Coinbase staking suit axed in three US states as regulatory winds shift

Quick Take
- Kentucky dismissed its lawsuit against Coinbase days after passing the “Bitcoin Rights” bill, which included mining and staking exemptions from securities laws.
- South Carolina and Vermont also ended litigation involving the crypto exchange, following the Securities and Exchange Commission’s lead.
- The company still faces staking-related complaints in some seven states.


Kentucky’s Department of Financial Institutions withdrew its lawsuit against Coinbase, which previously alleged that the crypto exchange broke local securities laws by offering digital asset staking services to investors within the state.
The jointly stipulated dismissal signed on Monday ended the enforcement action “without prejudice,” meaning the decision is akin to a formal pause, and authorities retained the right to revisit the matter later. Responding to the news, Paul Grewal, Chief Legal Officer at Coinbase, urged Congress to “end this litigation-driven, state-by-state approach” with a federal crypto regulatory framework.

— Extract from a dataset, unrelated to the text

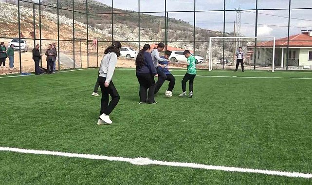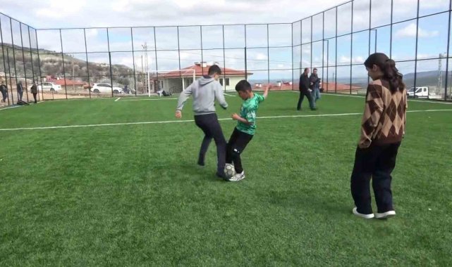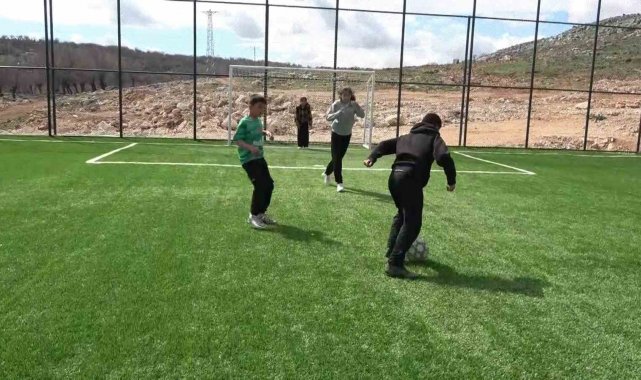 Zey köyünde çocuklar tozdan ve çamurdan kurtulup halı sahaya kavuştu

Kentucky was the latest U.S. state to cool litigation against Coinbase for its staking services by publishing time. On March 14, Vermont axed its Coinbase staking lawsuit, and South Carolina followed suit roughly two weeks after. Seven states — including Alabama, California, Illinois, Maryland, New Jersey, Washington, and Wisconsin — have not ended similar cases involving the U.S. crypto exchange.
Staking-related lawsuits against Coinbase were initially part of a broader regulatory plan executed simultaneously with the SEC’s federal enforcement action. The SEC sued Coinbase in June 2023 for allegedly violating securities laws by offering unregistered securities via an unregistered securities exchange. Like many other crypto businesses subjected to similar investigations, the platform denied the claims and even launched a countersuit in court. The securities watchdog officially dropped the case in late February, a massive victory for Coinbase and the industry. SEC litigators also binned several cases tied to crypto service providers like Consensys, Kraken, Robinhood and Ripple as new agency leadership under acting chair Mark Uyeda adopted a less aggressive stance.
In other news, Kentucky iced the Coinbase staking lawsuit days after Governor Andy Beshear signed the “Bitcoin Rights” bill to protect self-custody, support crypto mining, and greenlight crypto as a payment method. The bill also bans local regulators from unfairly treating crypto assets and provides exemptive relief for mining and staking services.